From the dawn of the internet, privacy was a topic overlooked and later, often mistreated. As the world adjusted to all things internet, little thought was given to our privacy. Data was usually misused and there was no regulation on which we, the users, could rely. The General Data Privacy Regulation (GDPR) was announced three years ago and is coming to fix these abuses and to return the power to internet users.
Personally, I think the GDPR is one of the most significant improvements to user privacy, even if it’s a few years late.
At the time the GDPR was announced, most organizations were unaware of the implications of this regulation. Companies of all sizes have had at least two years to prepare for this regulation, and this preparation hasn’t been easy. While issues of scale and size can impact how quickly a company can adjust to this regulation, both startups and larger companies face the same fundamental issues: how have they been treating customer data, and how will they be treating it starting May 25th.
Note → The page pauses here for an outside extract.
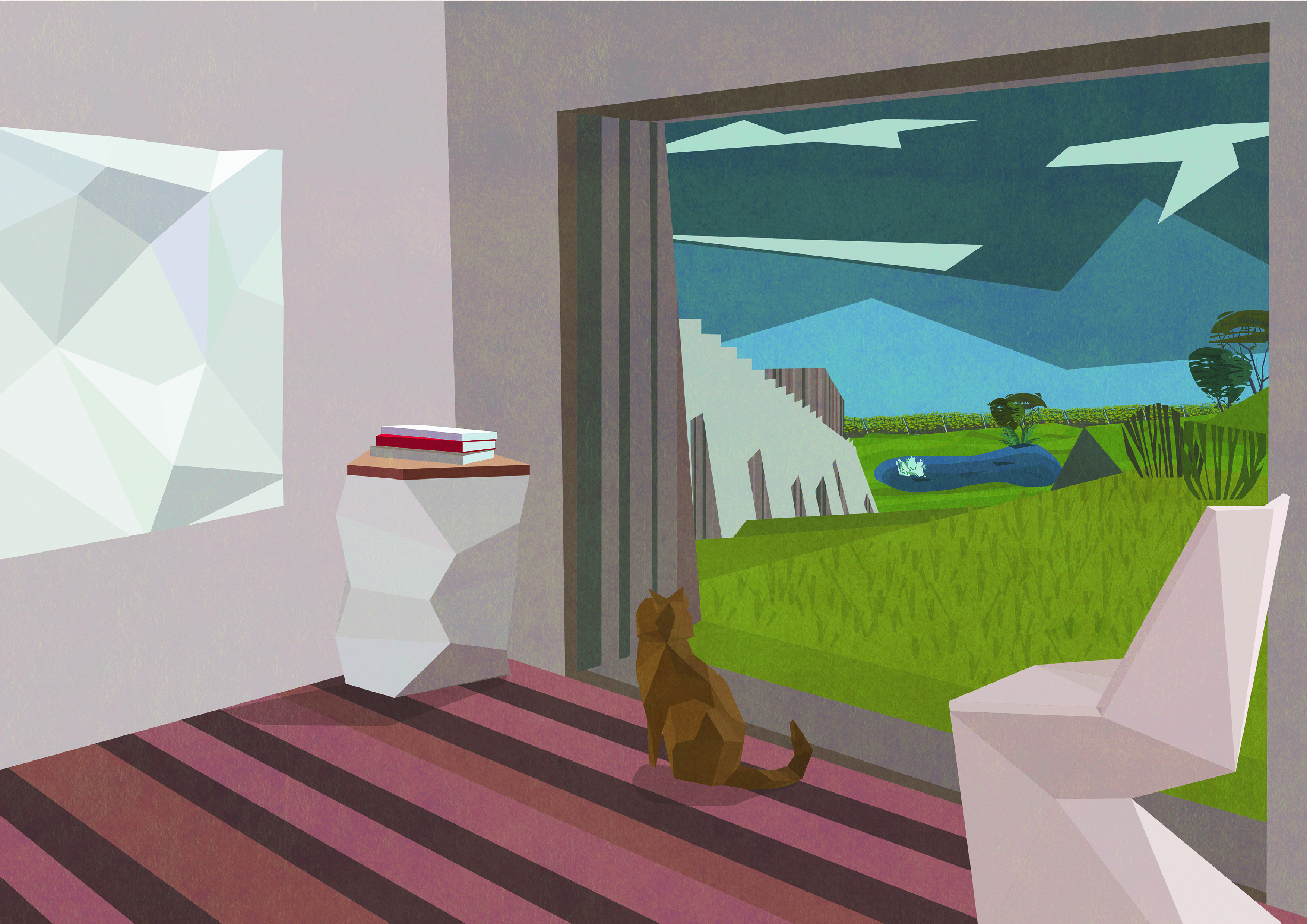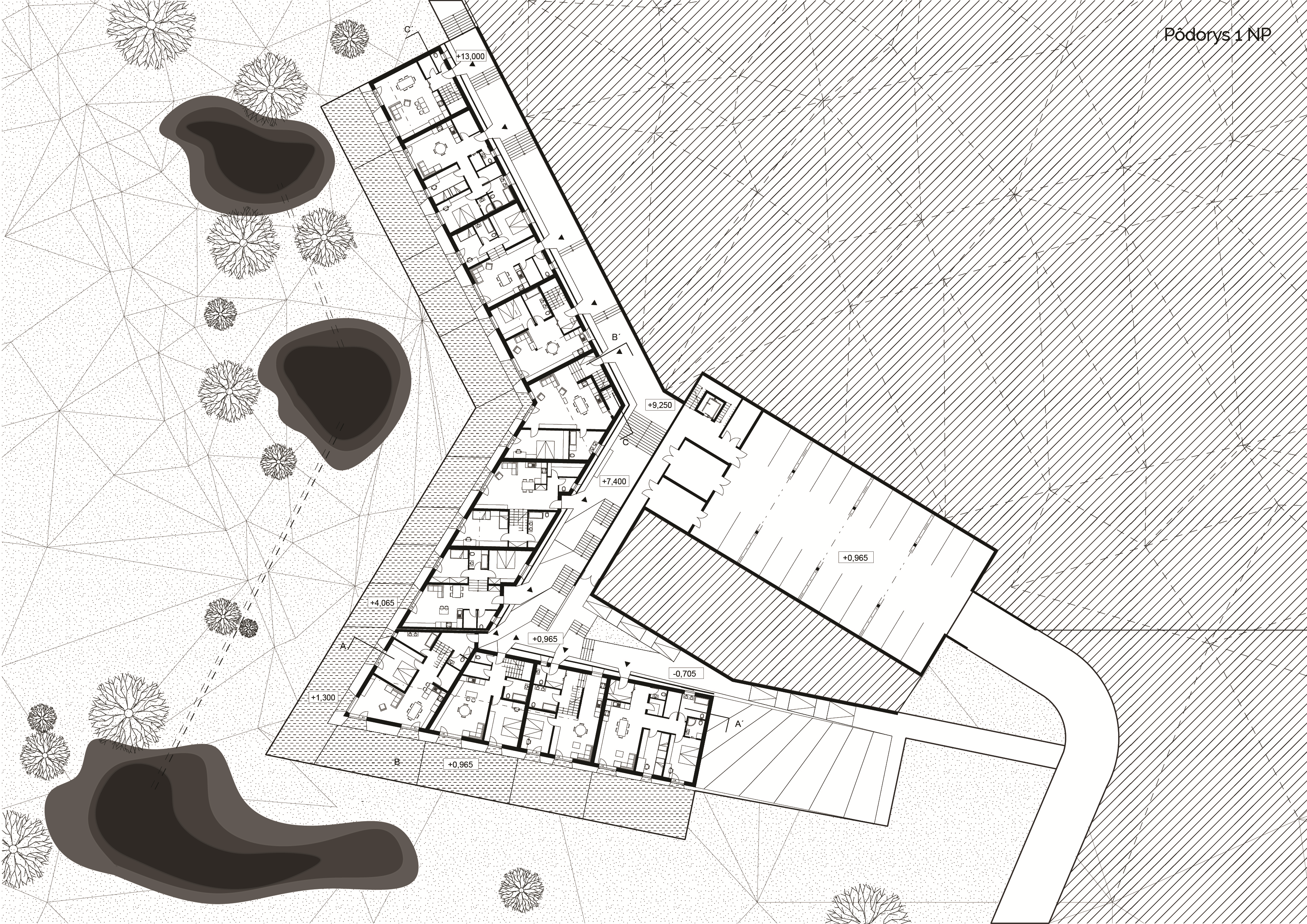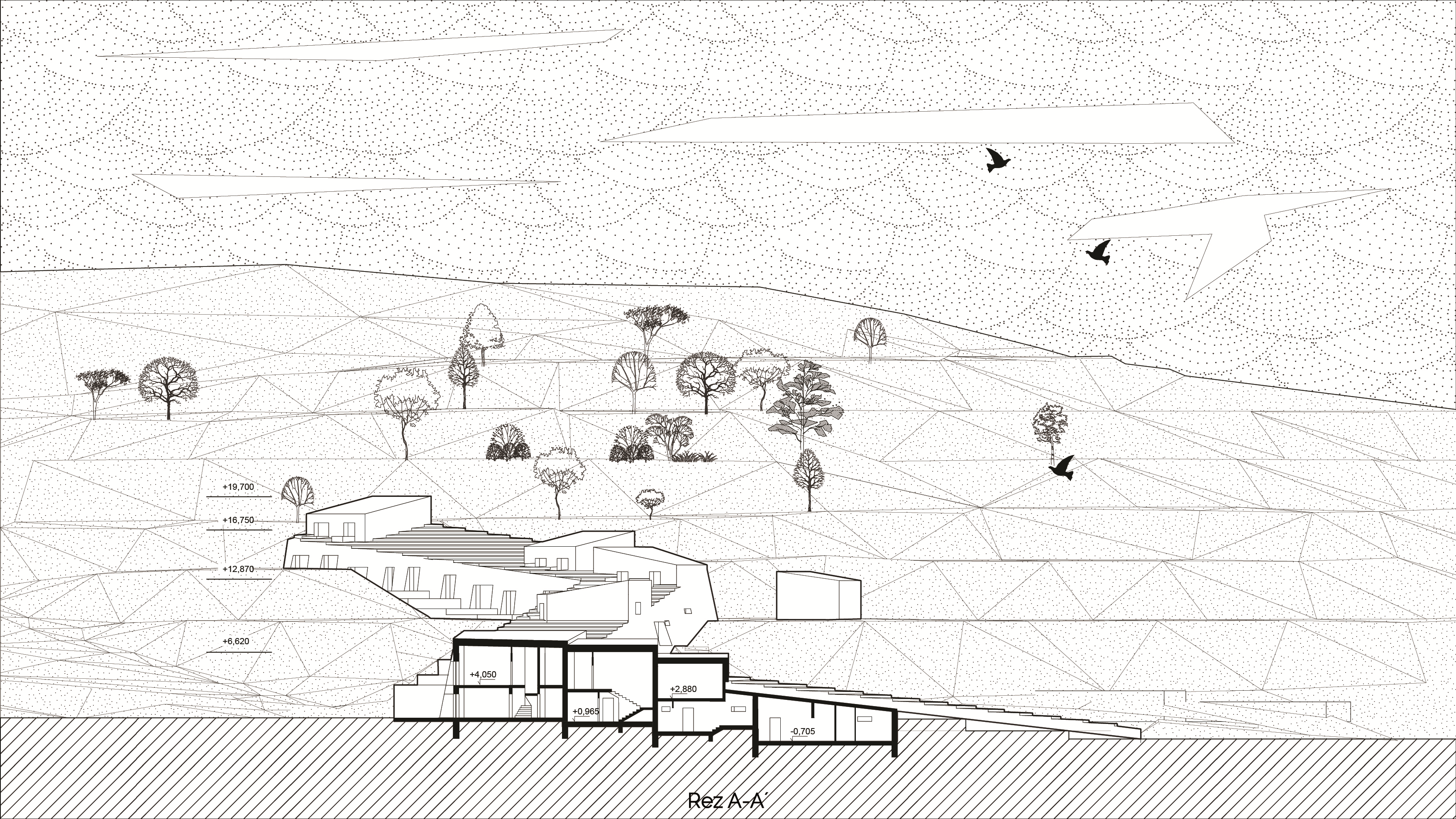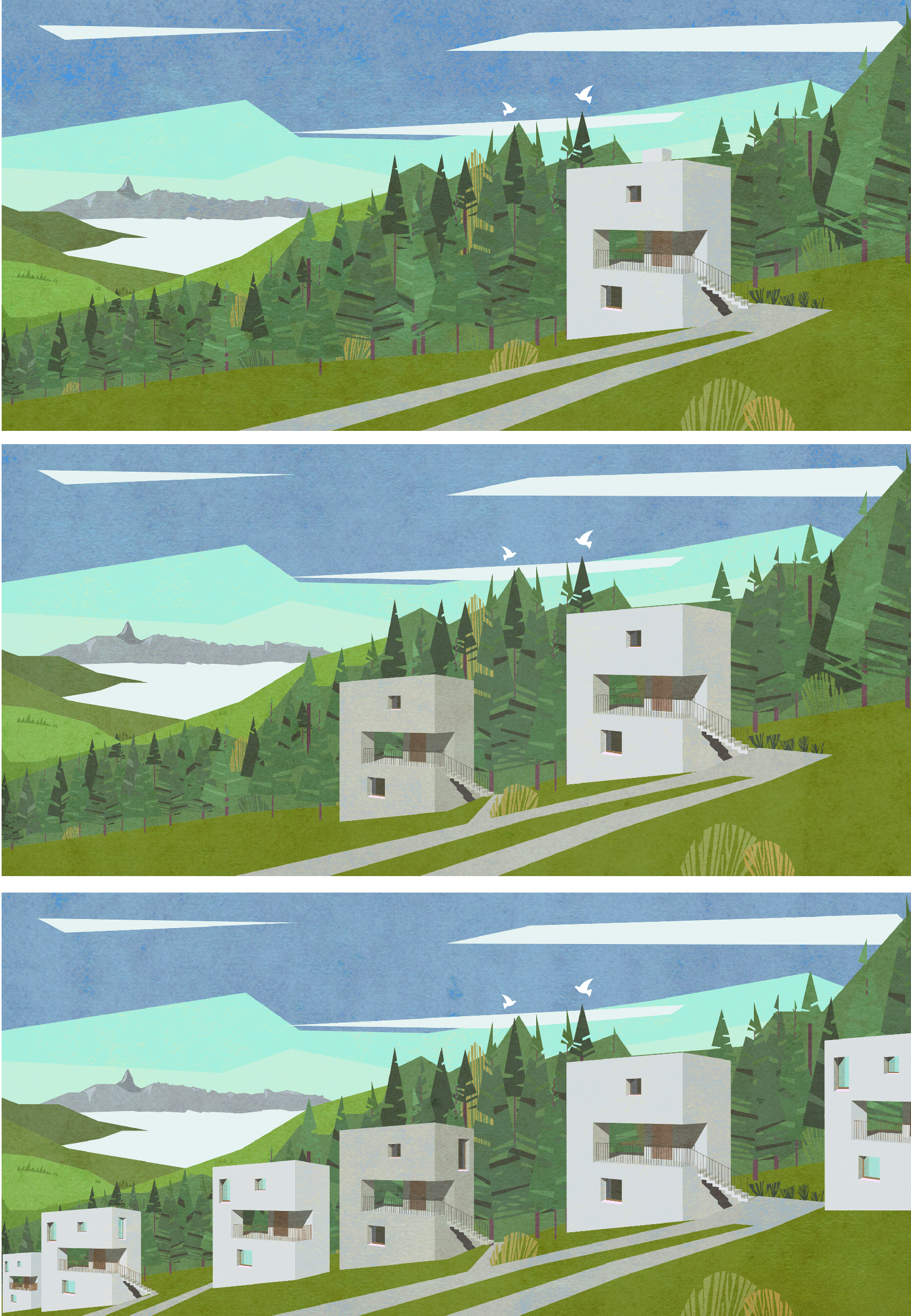 Prvá časť spracováva postup a genézu návrhu architektúry ako takej do krajiny (prostredia) Výskum je založený na definovaní pojmu krása a jeho definíciách, vnímaní a analýzach realizovaných projektov ich kompozícii na fotografi v samotnom prostredí. Vyhodnotením kompozície a plošných zložiek elementov (architektúra, prostredie pred objektom, prostredieza objektom,obloha) bolo cieľom získať a kvantifikovať postup ako by mala kompozične a objemovo architektúra obklopená prostredím (na zelenej lúke) vyzerať a pôsobiť. Výsledkom analýz je návrh rôznych štruktúr hmôt s rovnakým objemom, ktoré sú následne kompozične a plošne vyhodnotené v prostredí vždy z troch rovnakých bodov (panoramatický pohlaď, príjazdový pohlaď, bod v prostredí medzi hmotami) Všetky pohľady sú komponované, že pozorovaný objekt (centrum štruktúry) je kompozične osadené v princípe zlatého rezu v ráme, ktorý je v pomere 16:9. Z daných variant návrhov som vybral najvhodnejší, s ktorým som naďalej pracoval. Výsledná kompozícia pripomína cestu, ktorá dobre reflektuje morfológiu prostredia.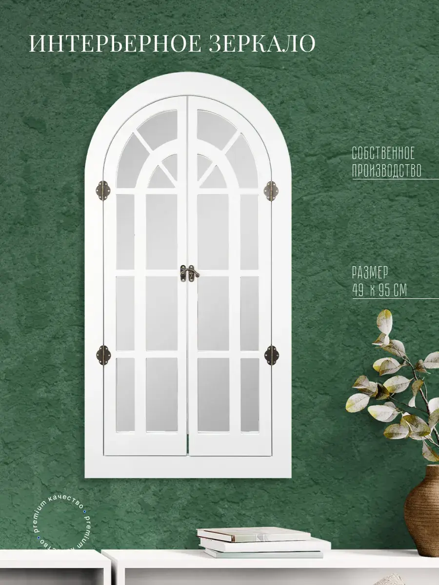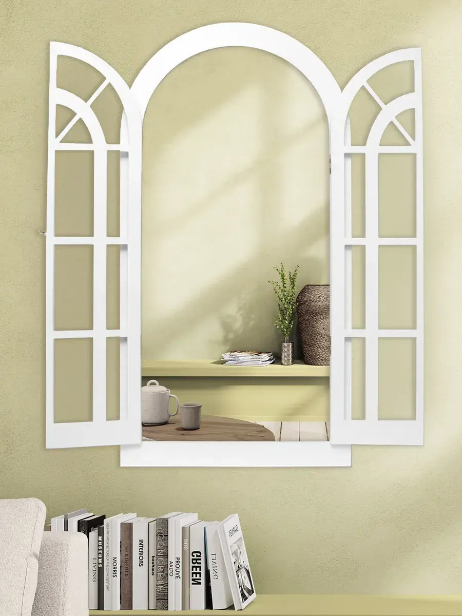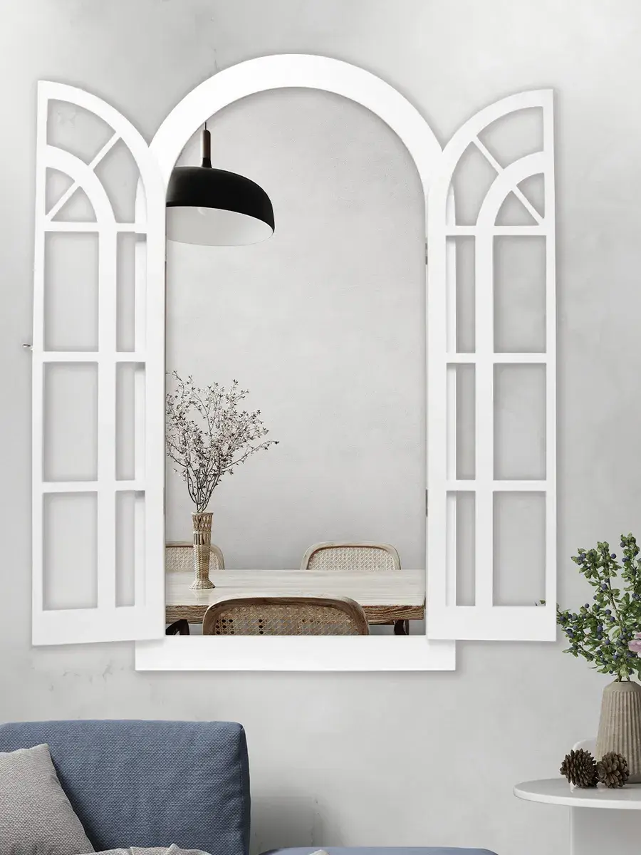Представляем наше изысканное настенное зеркало-окно со ставнями, идеальное дополнение к вашему домашнему декору. Погрузитесь в атмосферу уюта и стиля с нашим настенным зеркалом для ванной, выполненным в форме арки. Это не просто зеркало, а настоящее произведение искусства, которое станет центральным элементом вашего интерьера. Зеркало-арка со ставнями в стиле Прованс добавит вашему дому изысканности и шарма. Деревянная рама с двумя створками, которые можно открывать и закрывать, придаёт изделию уникальность и функциональность. Это зеркало идеально подходит для прихожей, ванной или гостиной, создавая иллюзию дополнительного пространства и света. Зеркало настенное изготовлено из высококачественного МДФ толщиной 12 мм, что обеспечивает его долговечность и устойчивость. Зеркальные вставки толщиной 4 мм гарантируют чёткое, неискажённое отражение. Размеры зеркала в раме составляют 95*49 см, а с открытыми ставнями — 95*78.5 см, что делает его достаточно большим для любого помещения. Рама покрыта акриловой эмалью на водной основе, что придаёт ей стойкость к влаге и износу. Это зеркало станет идеальным декором для дома, добавив в ваш интерьер нотки деревенского стиля, винтажа или шебби-шика. Оно прекрасно впишется в любую комнату, будь то гостиная, спальня или ванная, и станет эффектной деталью, привлекающей внимание. В комплекте идут шурупы для крепления, что делает установку максимально простой и удобной. Закажите это настенное зеркало сегодня и преобразите свой дом, добавив в него стиль и уют.

At Nexar, we set for ourselves one key axiom, the Golden Rule of data protection and privacy — we are treating customer data the same way we would want our own personal data to be treated:
We are also implementing information security as a critical element of every company process, ranging from operations to product design. We have regular BizTech (as we call them internally) meetings where we discuss how fundamental business decisions merge with information security and privacy. Merging these worlds keeps these issues at the forefront and puts the responsibility of information security on everyone at Nexar.
In regards to third party suppliers, we have revamped our vetting process to determine if these partners will value information security as much as we do. We conduct an information security evaluation focused on three core components:
- Integration — What kind of technical integration is required between us and this third party? We look at a few issues, for example: what kind of data is involved? How long will this integration last? How will this third party store and process data? Who will have access? Are we integrating their SDK? The answers to these and other questions are really important in determining if we will work with the third party company.
- Liability — You are entrusting us with your data and this trust needs to guide any decision we make about working with a third party. We answer to you regarding your data, and we need to do everything possible to avoid violating your trust.
- Privacy contract — to what standards does this third party hold itself? If they aren’t stringent, we will not work with them.
To make sure that information security is fully integrated in a company, it’s not enough to harden one system. Instead, we are focusing on testing the whole data flow and the integration of all systems. We are also performing penetration testing and security assessments on a regular basis and purposefully looking for security gaps and hardening our security architecture design in practice.
With or without the GDPR, your data is yours and you have the right to determine how your data will be used. Rest assured, here at Nexar we support your right to privacy and will continue working to ensure it is respected and protected.